-- EXERCISE MATERIALS --
· · ·

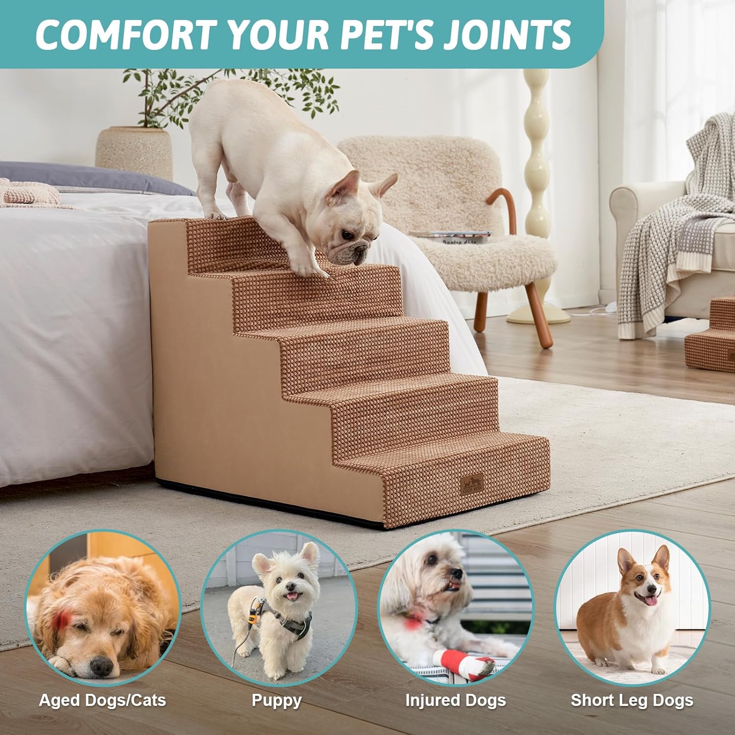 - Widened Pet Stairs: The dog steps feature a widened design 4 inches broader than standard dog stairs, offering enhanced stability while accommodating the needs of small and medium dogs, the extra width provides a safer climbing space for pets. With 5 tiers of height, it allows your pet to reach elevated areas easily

· · ·

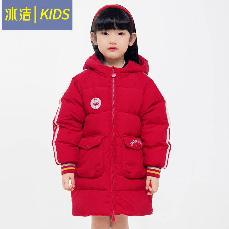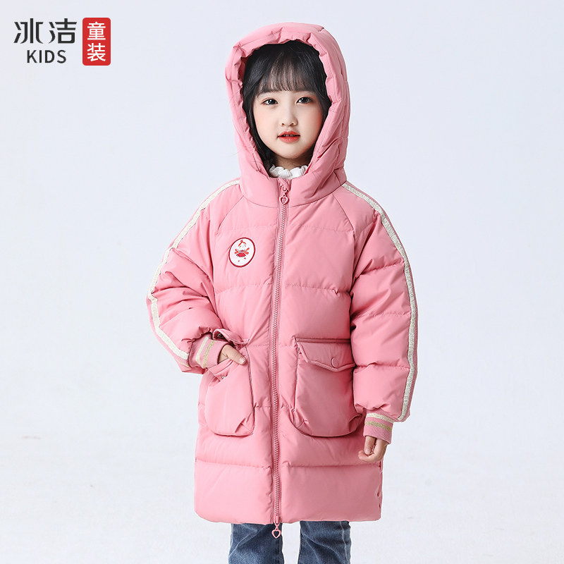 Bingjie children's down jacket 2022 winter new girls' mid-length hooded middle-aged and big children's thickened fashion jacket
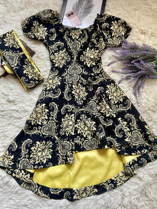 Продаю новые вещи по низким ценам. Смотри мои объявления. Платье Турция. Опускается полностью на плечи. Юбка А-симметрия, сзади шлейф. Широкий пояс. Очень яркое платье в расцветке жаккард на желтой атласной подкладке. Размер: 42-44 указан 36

· · ·

-- PROBLEM DETAILS --
The data above holds the lines to copy: start at the one with "Bingjie children's down", stop at the one with "Продаю новые вещи", include both, copy them exactly without pictures, and copy nothing else.

-- TASK SOLUTION --
 Bingjie children's down jacket 2022 winter new girls' mid-length hooded middle-aged and big children's thickened fashion jacket
 Продаю новые вещи по низким ценам. Смотри мои объявления. Платье Турция. Опускается полностью на плечи. Юбка А-симметрия, сзади шлейф. Широкий пояс. Очень яркое платье в расцветке жаккард на желтой атласной подкладке. Размер: 42-44 указан 36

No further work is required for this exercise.